Benchmark Against ICE
I think we get it wrong when we start benchmarking electric against electric. The first job of the electric is to get ICE out of the market. It’s a rather simple “Us vs Them” story, and the benchmarking should be against them.
That should not be a problem for the TAM crowd. Just look at where the core mass of the ICE market is and get to the drawing board, aiming squarely at the core. The problem is that the core is dynamic. There is a shifting mass that seems to be upwardly mobile every year. So we at InsightEV created a measurement metric – the Weighted Mean Engine Displacement Index (W-MEDI). As the name suggests, it is the weighted mean of the engine displacement of all two-wheelers sold in the market that year.
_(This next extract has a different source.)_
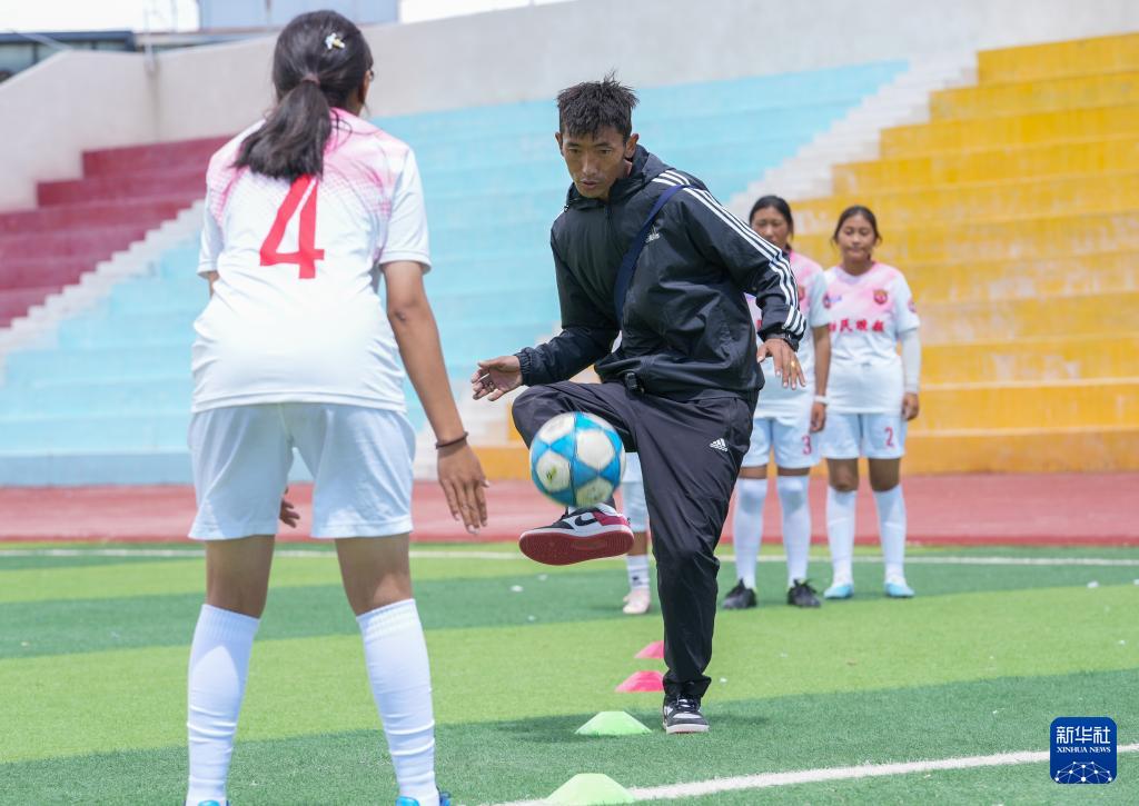 如今,球隊的發(fā)展得到了學校和社會的支持,為她們提供了更多機會和平臺。球隊教練王劍平是一名上海援藏教師,他感慨道:“很多孩子因球結(jié)緣,一個足球,一群伙伴,編織了她們的足球夢想。這些孩子年齡雖小,但她們能吃苦、肯付出。烈日下,她們就像堅強的格?;ò憔`放。”

The absolute number indicates where the market is. In isolation, it means little. Draw it over a two-decade horizon, and it tells you a story of shifting customer preferences, changing priorities, and a paradigm shift in the economics of the country.
Draw it over a five-year horizon, it tells you where the market would be headed, and where the market would be headed.
That’s important for a vehicle designer. Remember the much-used adage “Run to where the puck would be.” Vehicle designers are designing for the future, and if the W-MEDI is shifting, you do better by looking at where it would be in 3-5 years and then design accordingly. After all, the W-MEDI represents the core mass, the centre of gravity of the entire market, and allows you to maximise your shot at the TAM.
Indian W-MEDI: What it tells us
In a country where a large chunk of sales comes from 100cc motorcycles, one would expect the Indian W-MEDI to be close to that number. On the other hand, in a year when a 350cc+ leisure motorcycle manufacturer manages to move a million units, you know that the W-MEDI is not going to be anywhere close to 100.

For the InsightEV Two-Wheeler Market Forecast, we plotted the W-MEDI from 2009 onwards to 2025. Then, as we built the forecast, the W-MEDI was extended to 2030. It is hardly surprising that the W-MEDI has an increasing trend. Over the time horizon, the Indian per capita GDP (PPP) has multiplied, and it would be a good idea to look at the above chart against this below actual slide taken from the forecast, which plots the GDP/capita (PPP).

As incomes improve, it is but natural that the expectations of even the customers at the base of the pyramid would get aspirational. They start looking for more power, more features, better comfort, and greater highway-ability from the motorcycle. Power and engine sizes would increase, and while the engine capacity is not a dynamic entity, customers keep moving the W-MEDI upwards by increasingly choosing higher capacity machines.
Normally, this (increase in engine size) hurts fuel efficiency, traditionally, one of the strongest drivers of vehicle sales in the market. However, we have noticed that over the last five years, fuel efficiency has been a secondary driver of sales. Indian pump prices, after facing a steep incline pre-2021, have stagnated and even come down. Between 2021 and 2026, pump prices actually declined by nearly 15%. In fact, so strong has been the fuel price stability in recent years that it is no longer an economic or political issue.

For whatever reason, the Indian pump prices have remained unchanged even as ships started blowing up in the Straits of Hormuz.
What that means is that the WMedia is likely to continue on its ascending track even over the next five years. And that is a cue. If you are an electric scooter/motorcycle designer, be generous with those motor specs, will you?